# Dataset content
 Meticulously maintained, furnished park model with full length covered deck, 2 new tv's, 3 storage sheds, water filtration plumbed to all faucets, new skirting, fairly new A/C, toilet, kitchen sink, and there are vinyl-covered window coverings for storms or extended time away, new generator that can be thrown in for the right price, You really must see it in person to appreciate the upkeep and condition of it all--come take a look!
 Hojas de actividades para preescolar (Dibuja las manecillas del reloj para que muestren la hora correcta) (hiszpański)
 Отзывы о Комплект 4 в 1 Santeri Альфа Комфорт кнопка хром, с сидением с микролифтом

* * *

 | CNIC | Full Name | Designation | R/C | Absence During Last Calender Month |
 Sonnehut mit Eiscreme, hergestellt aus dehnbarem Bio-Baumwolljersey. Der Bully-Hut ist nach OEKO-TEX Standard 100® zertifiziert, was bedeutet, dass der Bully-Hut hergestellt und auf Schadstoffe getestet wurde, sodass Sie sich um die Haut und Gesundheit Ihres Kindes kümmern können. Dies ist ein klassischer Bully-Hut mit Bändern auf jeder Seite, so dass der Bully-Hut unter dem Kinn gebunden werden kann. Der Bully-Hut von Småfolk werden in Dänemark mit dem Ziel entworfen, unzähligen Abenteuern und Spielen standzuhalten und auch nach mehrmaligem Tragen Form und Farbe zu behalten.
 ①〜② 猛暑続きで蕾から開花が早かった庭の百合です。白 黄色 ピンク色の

---

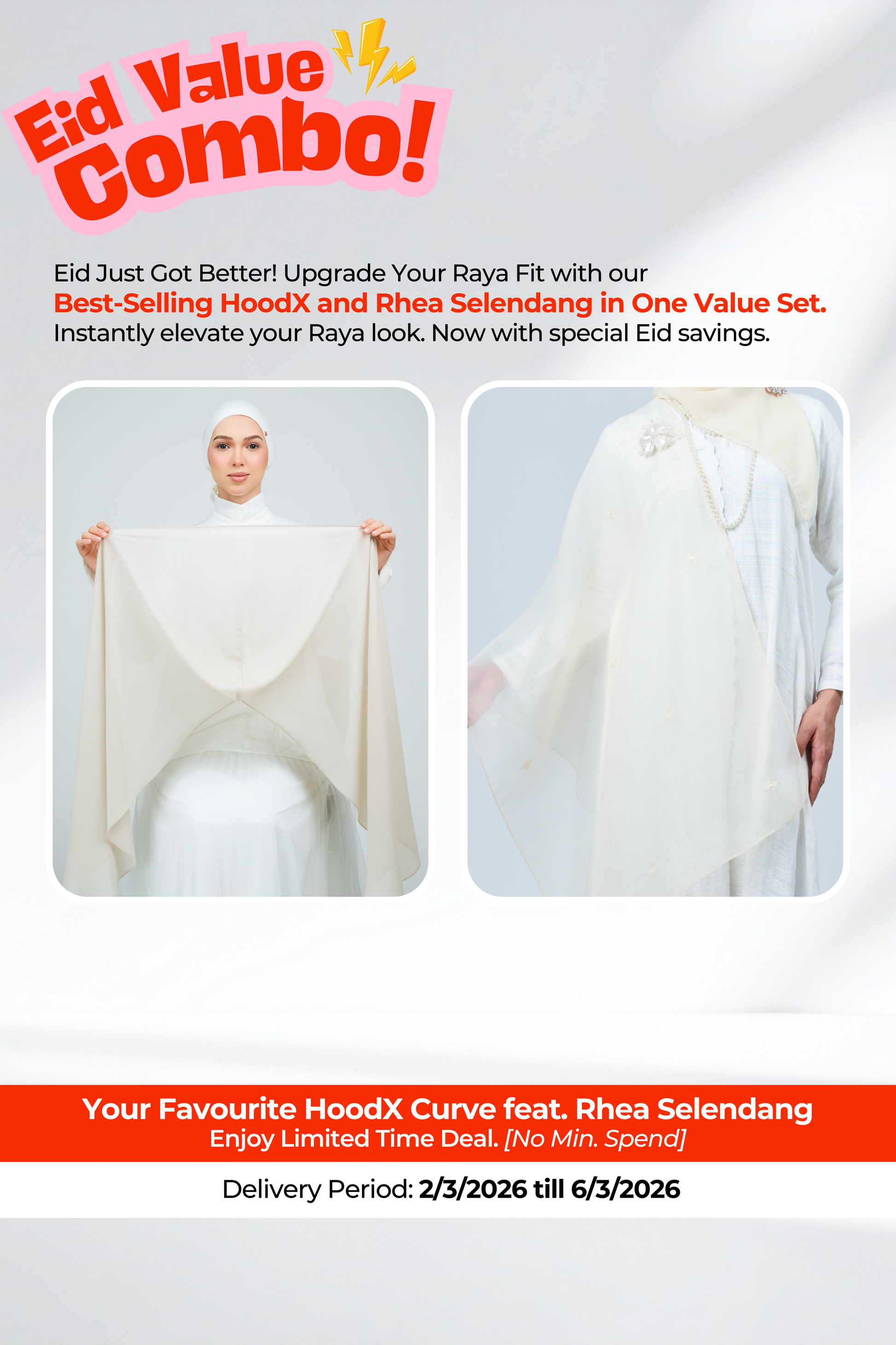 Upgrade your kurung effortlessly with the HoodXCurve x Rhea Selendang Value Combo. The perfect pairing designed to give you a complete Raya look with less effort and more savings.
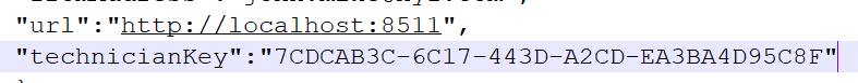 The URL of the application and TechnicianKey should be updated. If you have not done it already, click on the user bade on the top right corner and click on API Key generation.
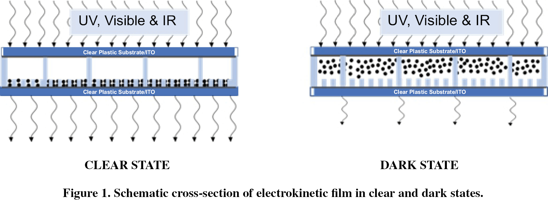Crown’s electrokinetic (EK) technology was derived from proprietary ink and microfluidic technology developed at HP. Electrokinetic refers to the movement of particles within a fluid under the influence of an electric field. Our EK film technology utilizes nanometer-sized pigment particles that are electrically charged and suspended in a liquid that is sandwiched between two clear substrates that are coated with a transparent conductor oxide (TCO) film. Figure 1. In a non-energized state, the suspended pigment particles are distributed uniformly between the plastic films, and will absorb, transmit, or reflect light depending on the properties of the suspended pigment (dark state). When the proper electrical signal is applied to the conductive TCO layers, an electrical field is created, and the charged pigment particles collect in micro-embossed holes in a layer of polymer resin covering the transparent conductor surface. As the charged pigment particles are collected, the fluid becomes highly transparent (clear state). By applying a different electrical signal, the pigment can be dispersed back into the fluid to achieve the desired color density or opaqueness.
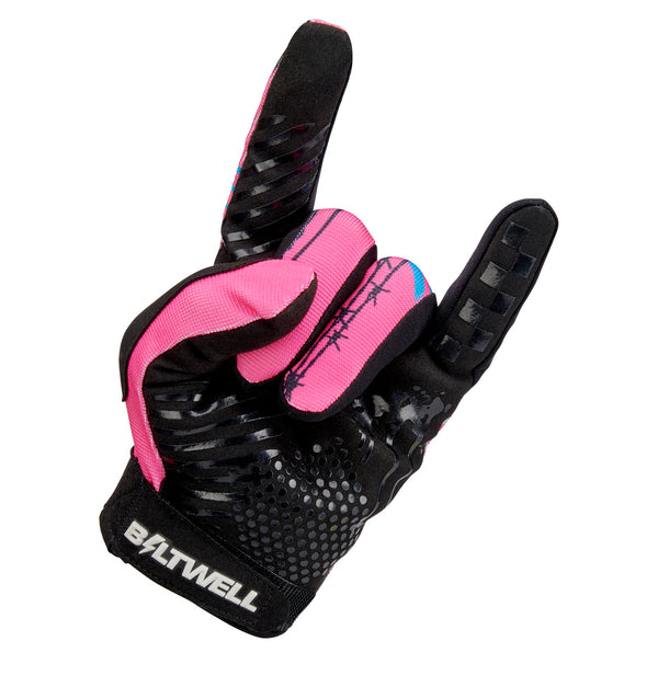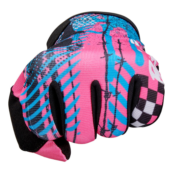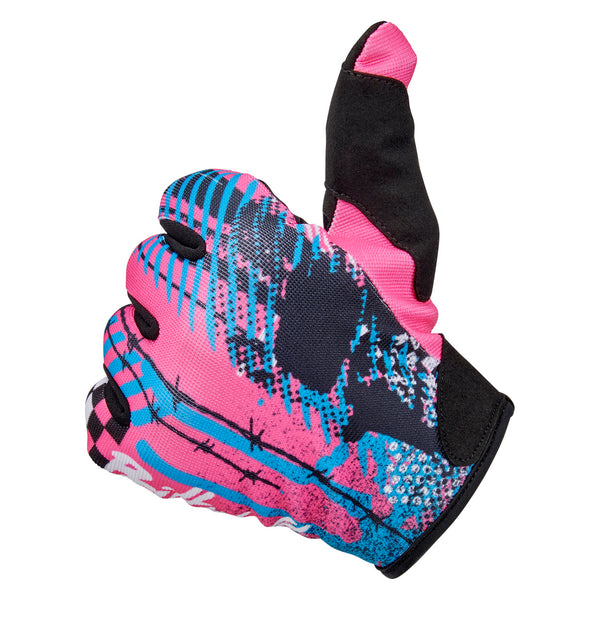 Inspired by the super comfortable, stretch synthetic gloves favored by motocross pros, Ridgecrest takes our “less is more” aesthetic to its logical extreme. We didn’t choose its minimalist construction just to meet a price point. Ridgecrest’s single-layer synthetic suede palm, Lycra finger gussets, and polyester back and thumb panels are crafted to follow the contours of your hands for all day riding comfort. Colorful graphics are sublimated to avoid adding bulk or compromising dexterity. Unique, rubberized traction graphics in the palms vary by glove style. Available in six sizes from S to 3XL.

# What the task asks
Give back the records above exactly, limited to the lines between the one holding "Hojas de actividades" and the one holding "Отзывы о Комплект", inclusive.

# Result of the exercise
 Hojas de actividades para preescolar (Dibuja las manecillas del reloj para que muestren la hora correcta) (hiszpański)
 Отзывы о Комплект 4 в 1 Santeri Альфа Комфорт кнопка хром, с сидением с микролифтом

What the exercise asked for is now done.